Instead of just building it with a light vibe coding session, I decided to feed this into the spec-kit framework to see what SDD would produce.

My input description (this was my first mistake):

"This project is a Chrome extension that analyzes news articles and other web content to detect and reduce bias. The extension extracts the full text of an article, highlights loaded or emotional language directly in the page, and generates a side panel with structured analysis. It identifies factual claims, classifies them, and uses a language model to check those claims against external evidence from web search and fact-checking sources..."

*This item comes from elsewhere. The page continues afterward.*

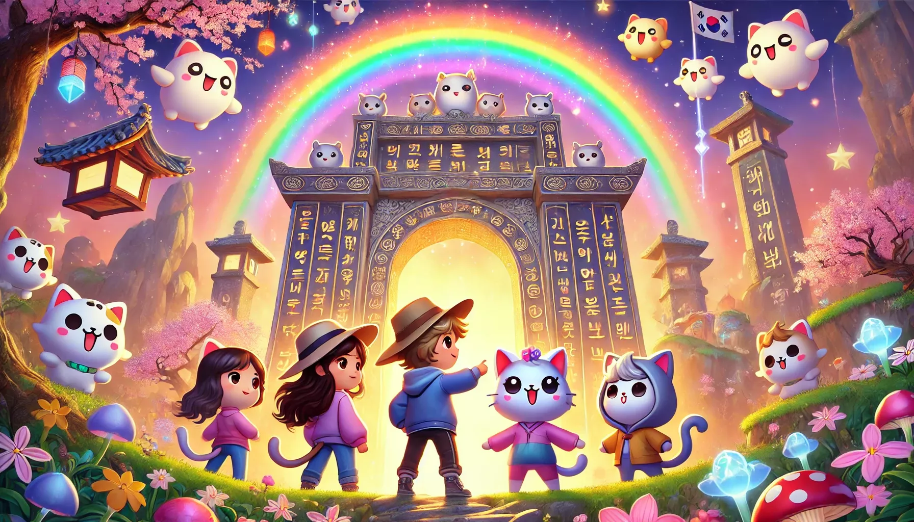 Vier vrienden—티멘, 엘렌, 미란다 en 마이케—gaan op een episch avontuur naar het magische Land van de Katten. Daar moeten ze de geheimen van de Koreaanse taal ontrafelen, geïnspireerd door 세종대왕. Hun vriendschap en kennis worden op de proef gesteld tijdens hun betoverende queeste.

I kept going, adding AI backends, performance requirements, privacy controls, and more. What should have been "highlight bias words" became a comprehensive news analysis platform description.

What Spec-Kit Generated

The framework took my verbose description and created:

  • 18 functional requirements (FR-001 through FR-018)
  • 6 detailed data models (ArticleContent, BiasHighlight, FactualClaim, etc.)
  • 8 API endpoints for different analysis functions
  • 96 numbered tasks organized into phases
  • Performance targets (<2s analysis, <500ms highlighting)
  • Multiple processing modes (local AI, cloud APIs)

Looking at this output, any reasonable person would think this was a serious enterprise project- which would be fine if I was building a real product, but I was just trying to test SDD.

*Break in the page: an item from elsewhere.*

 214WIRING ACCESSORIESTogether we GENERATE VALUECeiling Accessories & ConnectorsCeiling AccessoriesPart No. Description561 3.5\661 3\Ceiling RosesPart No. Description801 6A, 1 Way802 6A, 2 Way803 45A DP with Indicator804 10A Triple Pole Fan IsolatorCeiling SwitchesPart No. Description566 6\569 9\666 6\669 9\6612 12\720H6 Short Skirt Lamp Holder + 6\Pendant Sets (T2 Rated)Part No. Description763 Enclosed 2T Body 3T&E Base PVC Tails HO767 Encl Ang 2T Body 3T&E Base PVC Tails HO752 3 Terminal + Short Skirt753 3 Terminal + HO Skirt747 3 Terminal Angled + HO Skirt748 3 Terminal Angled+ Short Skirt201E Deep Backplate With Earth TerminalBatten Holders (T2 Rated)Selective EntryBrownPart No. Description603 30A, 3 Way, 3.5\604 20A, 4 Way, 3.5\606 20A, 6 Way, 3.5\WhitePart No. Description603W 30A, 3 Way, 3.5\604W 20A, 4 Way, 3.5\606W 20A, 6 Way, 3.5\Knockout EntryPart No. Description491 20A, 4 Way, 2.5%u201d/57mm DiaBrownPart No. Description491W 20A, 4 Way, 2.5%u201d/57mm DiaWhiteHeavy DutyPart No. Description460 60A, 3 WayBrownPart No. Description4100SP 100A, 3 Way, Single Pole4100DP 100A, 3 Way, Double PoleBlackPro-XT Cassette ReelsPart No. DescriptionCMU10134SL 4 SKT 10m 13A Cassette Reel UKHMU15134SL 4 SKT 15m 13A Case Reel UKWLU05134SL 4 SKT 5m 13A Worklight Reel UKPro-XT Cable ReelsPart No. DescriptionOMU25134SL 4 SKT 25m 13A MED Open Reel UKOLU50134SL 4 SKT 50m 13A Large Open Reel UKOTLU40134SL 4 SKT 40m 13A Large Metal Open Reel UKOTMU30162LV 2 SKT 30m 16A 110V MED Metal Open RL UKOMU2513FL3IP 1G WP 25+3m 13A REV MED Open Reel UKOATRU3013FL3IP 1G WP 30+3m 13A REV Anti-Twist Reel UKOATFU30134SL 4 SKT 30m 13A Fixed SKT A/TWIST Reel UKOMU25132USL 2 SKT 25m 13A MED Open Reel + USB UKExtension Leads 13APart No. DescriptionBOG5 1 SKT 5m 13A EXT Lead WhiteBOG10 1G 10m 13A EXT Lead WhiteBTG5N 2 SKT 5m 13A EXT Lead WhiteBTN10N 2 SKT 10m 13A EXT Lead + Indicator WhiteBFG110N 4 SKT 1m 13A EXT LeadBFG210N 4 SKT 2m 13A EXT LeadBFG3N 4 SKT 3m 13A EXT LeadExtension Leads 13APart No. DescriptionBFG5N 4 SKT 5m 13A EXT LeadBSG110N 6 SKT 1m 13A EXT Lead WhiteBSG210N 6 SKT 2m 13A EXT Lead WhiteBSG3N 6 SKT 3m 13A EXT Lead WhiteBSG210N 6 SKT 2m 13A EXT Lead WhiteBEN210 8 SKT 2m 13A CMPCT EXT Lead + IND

The Implementation Reality Check

After half a day of following the generated spec with extensive "vibe-coding" (rapid, intuitive development), here's what I actually built:

What Works:

  • ✅ Extracts text from web pages
  • ✅ Finds basic patterns like "73%" and "$2.3 billion"
  • ✅ Has a storage system

What Doesn't Work:

  • ❌ Buggy, basic bias detection
  • ❌ No fact-checking

The harsh truth: I have a basic app that finds percentages in text, not a Chrome extension that detects bias.

The Complexity Wall in Action

The most telling moment came during testing. I spent hours building increasingly specific regex patterns to satisfy test cases:

// Started simple
pattern: /\d+%/gi

// Became this monstrosity to pass tests
pattern: /\b(current|currently|as of (today|now|\d{4})|current(ly)?)\s+[^.!?]*\b/gi

// And eventually this madness
{
type: ClaimType.STATISTICAL,
pattern: /Water boils at \d+°C/gi,
priority: ClaimPriority.HIGH,
description: 'Temperature boiling point statements',
examples: ['Water boils at 100°C']
}

I was adding patterns like "Water boils at 100°C" to pass tests instead of asking: "Would a real user care about detecting this?"

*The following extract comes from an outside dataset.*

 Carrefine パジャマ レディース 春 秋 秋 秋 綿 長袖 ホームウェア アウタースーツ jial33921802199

The Specific Failure Points

1. Test-Driven Anti-Pattern

Instead of writing tests for user value, I wrote tests for specification compliance:

// Spec-driven test
expect(claimsResponse.claims.length).toBeGreaterThan(3);
expect(temporalClaims.length).toBeGreaterThan(0);
expect(percentageClaims.length).toBeGreaterThan(2);

// User-driven test would be
expect(userCanIdentifyObviousBias).toBe(true);

2. Premature Abstraction

The spec called for 6 services:

  • ContentExtractor
  • BiasDetector
  • ClaimExtractor
  • ClaimVerifier
  • ObjectiveRewriter
  • StorageManager

A working prototype needed exactly 1: "HighlightObviousBiasWords"

3. Feature Explosion

The original idea: "Highlight biased language"

The spec expanded to:

  • Fact-checking against external databases
  • AI-powered claim verification with confidence scores
  • Objective article rewriting
  • Both local and cloud AI processing
  • Performance optimization and caching
  • Chrome extension manifest configuration

4. Zero User Validation

96 tasks to implement features that no user ever requested. The spec assumed people wanted:

  • Detailed confidence scores
  • Citation management
  • Bias radar visualizations
  • Multiple AI processing modes

Maybe users just want obvious bias words highlighted in yellow. We'll never know because we never shipped anything testable.

The Simplification Moment

The breakthrough came when I aggressively simplified the claim extractor from 50+ complex patterns to just 4:

// Before: 50+ patterns for every edge case
private readonly patterns: ClaimPattern[] = [
// 47 more patterns...
];

// After: 4 simple patterns that actually work
private readonly patterns: ClaimPattern[] = [
{
type: ClaimType.STATISTICAL,
pattern: /\d+(\.\d+)?%/gi,
description: 'Percentage values'
},
{
type: ClaimType.STATISTICAL,
pattern: /\$\d+(\.\d+)?\s*(million|billion)/gi,
description: 'Currency amounts'
},
{
type: ClaimType.TEMPORAL,
pattern: /\b(January|February|March|April|May|June|July|August|September|October|November|December)\s+\d{4}\b/gi,
description: 'Month and year references'
},
{
type: ClaimType.TEMPORAL,
pattern: /\b202\d\b/gi,
description: 'Recent years'
}
];

Immediately, 6 out of 8 tests passed. The complex patterns were solving imaginary problems.

What I Should Have Done

Week 1: Stupid Simple Prototype

// 20 lines of code
const biasWords = ['devastating', 'shocking', 'outrageous', 'slam'];
const textNodes = document.querySelectorAll('p');
textNodes.forEach(node => {
biasWords.forEach(word => {
if (node.textContent.includes(word)) {
node.innerHTML = node.innerHTML.replace(
new RegExp(word, 'gi'),
`<mark style="background: yellow">${word}</mark>`
);
}
});
});

Ship this. See if anyone uses it. Get feedback.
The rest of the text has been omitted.